ABC Predicts Modest Growth for 2017 Nonresidential Construction Sector; Warns of Vulnerability for Contractors

Associated Builders and Contractors (ABC) forecasts a slowdown of growth in the U.S. commercial and industrial construction industries in 2017. While contractors are vulnerable to rising commodity prices and potential interest rate increases in 2017, the middling consumer-led recovery should still lead to modest growth in construction spending and employment.

“The U.S. economy continues to expand amid a weak global economy and, despite risks to the construction industry, nonresidential spending should expand 3.5 percent in 2017,” said ABC Chief Economist Anirban Basu. “For more than two years, the Federal Reserve has been able to focus heavily on stimulating economic growth and moving the nation toward full employment. However, as commodity prices, including energy prices, firm up and labor costs march higher, the Federal Reserve will need to be more concerned about rising inflation expectations going forward. Associated increases in interest rates could have significantly negative impacts on certain asset prices, including stocks, bonds, commercial real estate and apartment buildings.

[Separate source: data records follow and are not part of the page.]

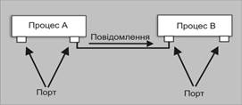 Процеси поділяються на прикладні і системні. Прикладний процес ототожнюється з реалізацією певних процедур, пов’язаних з обробкою інформації під час вирішення завдань користувача. Системні ж процеси визначають виконання допоміжних функцій, пов’язаних із забезпеченням прикладних процесів. До системних процесів належать: організація зв’язку між прикладними процесами, керування каналами передачі даних, активізація терміналів тощо. Процес, як будь-який динамічний об’єкт, триває у часі і складається з етапів ініціювання, виконання і завершення. При цьому процес може породжуватись користувачем, системою або іншим процесом. Вхідні і вихідні дані передаються у формі повідомлень через логічні точки доступу, які називаються портами. Через вхідні порти вводяться дані для конкретного процесу, відповідно через вихідні порти поточний процес видає результати оброблених даних. Взаємодія процесів (рис. 1.6) здійснюється шляхом обміну повідомленнями, які являють собою блоки даних певної структури. Проміжок часу, протягом якого взаємодіють процеси, називається сеансом обміну або сесією. Під час сеансу обміну процес формує повідомлення і потрібну для його передачі супроводжуючу інформацію. Залежно від завдання, що вирішується, взаємодіючі процеси можуть генеруватися в одній або суміжних системах.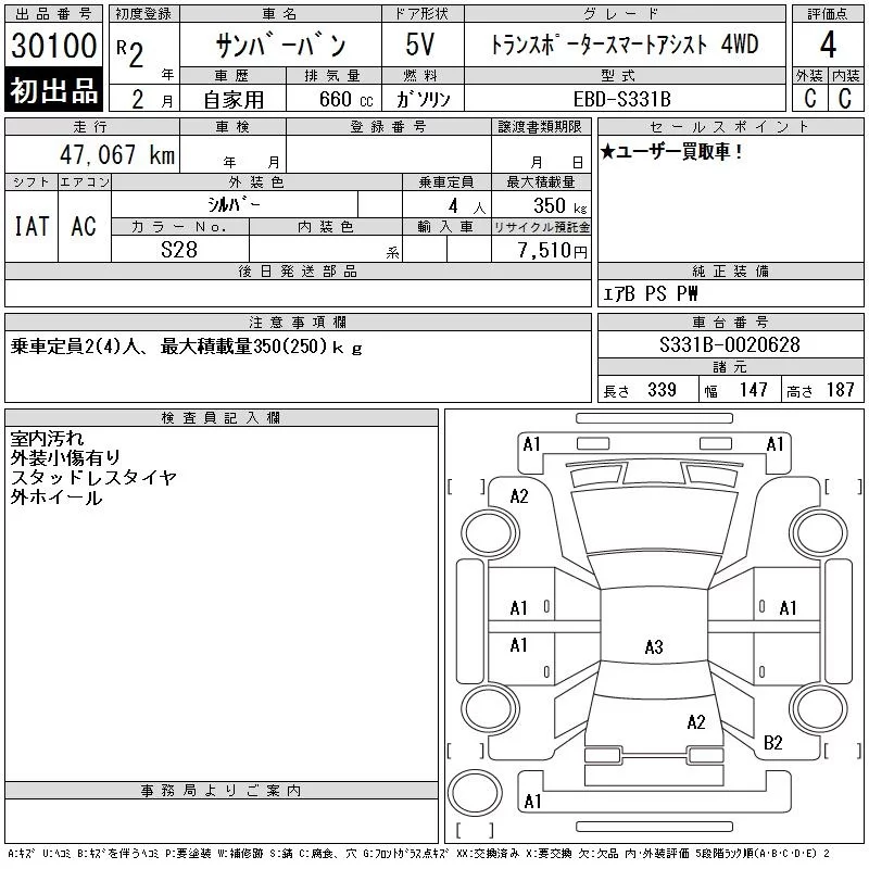 Subaru SAMBAR с аукциона Японии CAA Gifu лот № 30100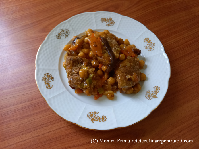 Tăiem carnea cuburi, amestecăm cu mixul de condimente, boabele de piper și uleiul. Îndepărtăm cojițele boabelor de năut, spălăm cu apă rece și scurgem. Curățăm ceapa și tăiem mărunt. Tocăm frunzele de țelină. Încălzim o tigaie teflonată pe foc mediu și prăjim carnea 3 minute. Punem ceapa, 1 lingură de apă și amestecăm 2 minute. Adăugăm năutul, frunzele de țelină, ½ linguriță sare și amestecăm 2 minute. Turnăm sosul de roșii și fierbem 2 minute. servim mâncarea caldă.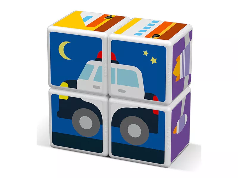• Tartalom: 7 db mágneses, mintás építőkocka közlekedési járművekkel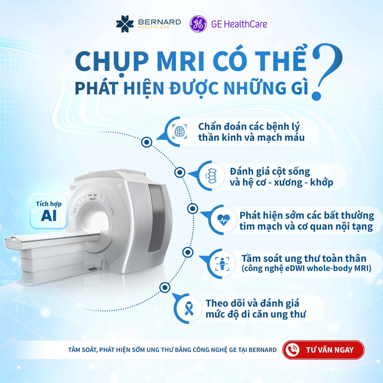 Trong khi đó, ở phạm vi toàn thân, MRI có khả năng phát hiện sớm tổn thương và nguy cơ tiềm ẩn trước khi bệnh biểu hiện ra bên ngoài. Qua đó, bác sĩ có thể đưa ra lời khuyên phòng ngừa và can thiệp sớm hơn, thay vì chỉ chờ đến khi bệnh tiến triển rõ rệt.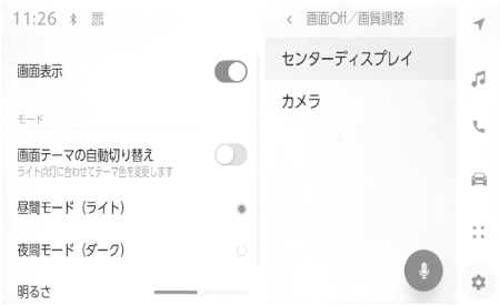 [画面テーマの自動切り替え]をOFFにしたとき、手動で昼間モードに切りかえることができます。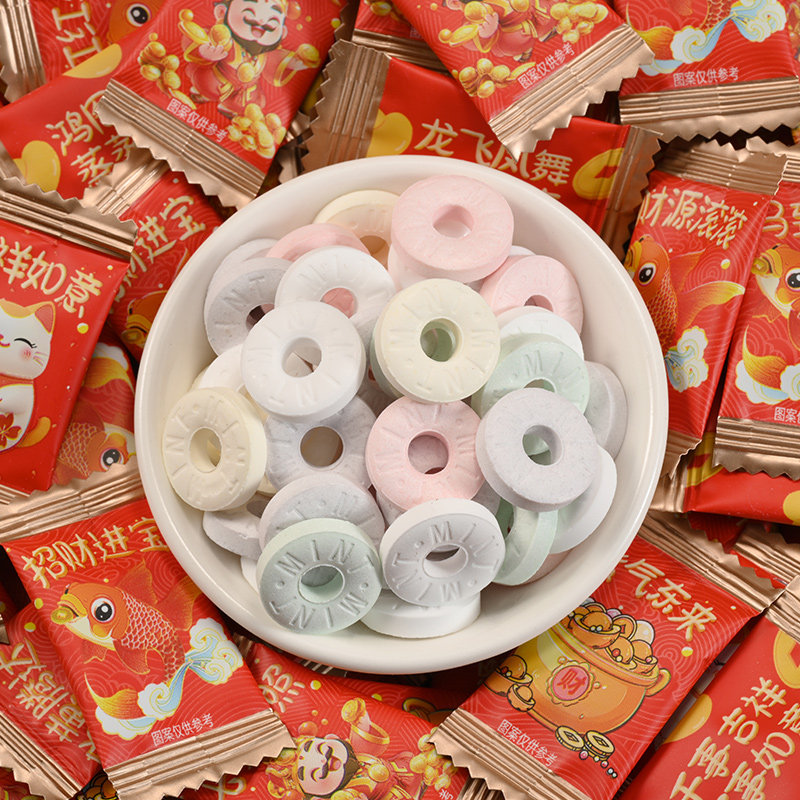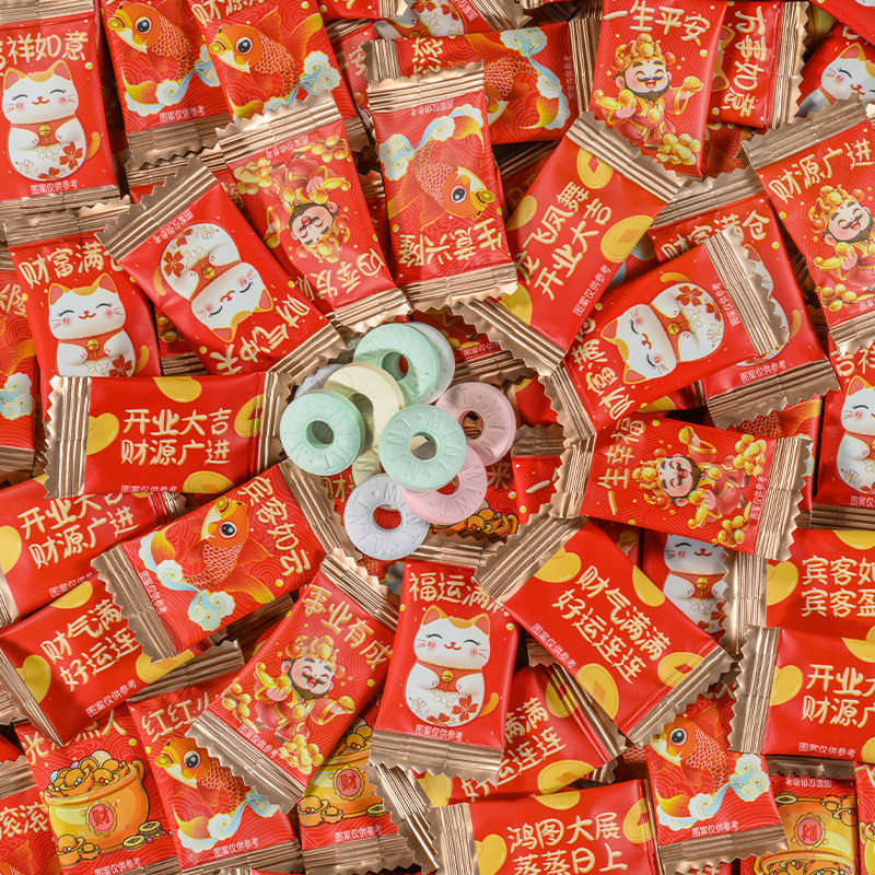 财气语录无糖薄荷糖清新口气恭喜发财财神爷圈圈糖商用招待糖糖果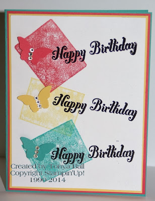 Hello and welcome to our Color Challenge Monday. I love this color combo but I must admit it would not have been one I would have put together myself. The colors are listed above and we would love to have you play along with us at SSINKspiration. It is easy to add a card and be part of the fun. I used the Bring on the Cake Stamp Set and used Black Embossing Powder to really make the Happy Birthday pop. All of the Watercolor papers in the Occasions Catalog got me to thinking about using the Clear Blocks so I inked them up and stamped them on the Whisper White paper before I embossed. Then to add just a bit more pop I added a butterfly in each color with Basic Rhinestones for their bodies. Simple yet pretty and easy to make an assortment in different colors if you need a lot of cards. Thanks for stopping by and I hope you have a great day! Tonya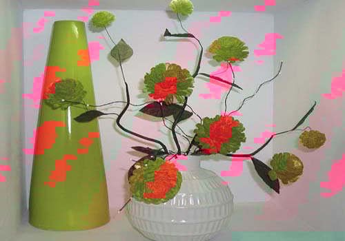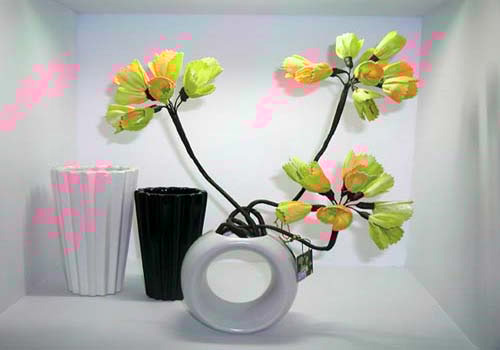 黄白,高矮的花瓶透露着和谐,婀娜的枝干开出朵朵芬芳,橙色的花瓣把纯白的空间渲染得空旷而赋予感染。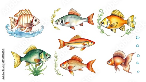 Colorful Fish Illustration Set Aquatic Life Marine Animals Ocean Pond River Tropical Fish Goldfish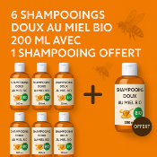 6 shampooings doux au miel Bio 200 ml = 1 shampooing offert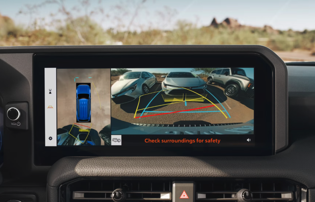 Toyota Tacoma towing specs are impressive, but the tech is what really stands out. The Tacoma’s towing assist features make hitching and maneuvering easy. With a backup camera and guidelines, you’ll connect to your trailer on the first try.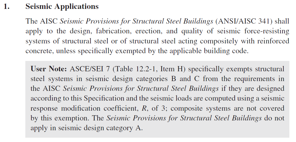 Seismic Provisions for Structural Steel Buildings, AISC 341-22 [3], published by the American Institute of Steel Construction, specifies requirements. However, according to AISC 360-22 [2] some structures do not need to meet the requirements of these provisions, as stated below: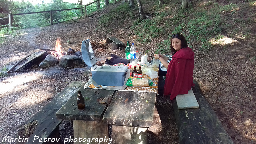 Вечерта с Катя си заформихме кулинарно бедствие, гравирано с приятен летен дъжд през нощта. На няколко места равните поляни предлагат опция за палатки, изградени са огнища, а буковите дървета над всичко това пазят дебела сянка. Птиците наоколо са настроени за концерт, реката е пълноводна и ледено студена! Няколко вида пържоли, още толкова вида пиво и бързо се стъмни. Гората е магична, стига да се абстрахираме от шумната и голяма компания на съседната поляна. Скоро обаче заваля и всички скриха тонколоните със страшната чалга и се прибраха в хижата, където им е мястото...

“Contractors also should be prepared for increases in commodity prices, which could translate into further stagnation in construction spending volumes if the purchasers of construction services are not prepared for related cost increases,” warned Basu. “Additionally, data from the U.S. Bureau of Labor Statistics indicate that construction job openings stand at a 10-year high and that average hourly earnings for construction workers rose above $28 per hour in 2016. The demand for construction workers is positioned to remain high and is likely to increase already significant wage pressures.

“However, there is a bullish scenario,” said Basu. “According to the Bureau of Economic Analysis, the average age of all fixed assets, including structures such as factories and hospitals, stands at 23 years—the oldest on record tracing back to 1925—and there is a collective awareness among American enterprises that they will need to replace much of their capital stock in future years. In addition, now rising energy prices could produce more investment and rising earnings—potentially translating into better support for asset prices, ongoing hiring and consumer spending.

“Despite some headwinds, many construction firms continue to report that they remain busy and ABC’s most recent Construction Confidence Index revealed that while construction firm leaders are not quite as confident as they were in prior quarters, most continue to expect growth in sales, margins and staffing levels,” concluded Basu.

Basu’s full forecast is available in the December issue of ABC’s Construction Executive magazine, along with the regional outlook for commercial and industrial construction by Dr. Bernard Markstein, president and chief economist of Markstein Advisors, who conducts state-level economic analysis for ABC.